Similar to jax.tree_utils.tree_leaves, this function returns a flattened PyTree. However, instead of just the values, it returns a list of tuples that contain both the metadata and value of each PyTree leaf. This traced metadata can be utilised for applying maps (how constrain, unconstrain, stop_gradient work), as described in the next section.

Metamap

The constrain, unconstrain, and stop_gradient methods on the Module use a meta_map function under the hood. This function enables us to apply metadata functions to the PyTree leaves, making it a powerful tool.

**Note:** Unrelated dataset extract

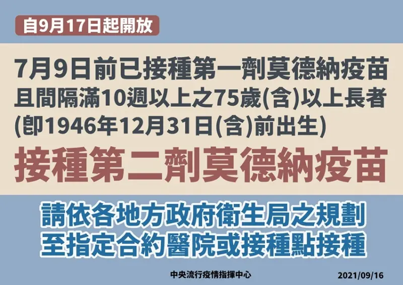 此外,考量長者族群為COVID-19感染後重症或死亡之高風險族群,為確保長者族群完成第二劑疫苗接種,預計在9月17日起開放7月9日前已接種第一劑莫德納疫苗,且間隔滿10週以上之75歲(含)以上長者,接種第二劑莫德納疫苗。

To achieve this, the function involves the same tracing as meta_leaves to create a flattened list of tuples consisting of (metadata, leaf value). However, it also allows us to apply a function to this list and return a new transformed PyTree, as demonstrated in the examples that follow.

Filter example:

A meta_map works similarly to jax.tree_utils.tree_map. However, it differs in that it allows us to define a function that operates on the tuple (metadata, leaf value). For example, we could use a function to filter based on a name attribute.

from gpjax.base import meta_map


def filter_lengthscale(meta_leaf):
    meta, leaf = meta_leaf
    if meta.get("name", None) == "lengthscale":
        return 3.14
    else:
        return leaf


print(meta_map(filter_lengthscale, rbf))

RBF(lengthscale=3.14, variance=1.0)

How `constrain` works:

To apply a constrain, we filter on the attribute "bijector", and apply a forward transformation to the PyTree leaf:

# This is how constrain works! ⛏
def _apply_constrain(meta_leaf):
    meta, leaf = meta_leaf

    if meta is None:
        return leaf

    return meta.get("bijector", tfb.Identity()).forward(leaf)


meta_map(_apply_constrain, rbf)

RBF(lengthscale=Array(1.3132617, dtype=float32), variance=Array(1.3132617, dtype=float32))

As expected, we find the same result as calling rbf.constrain().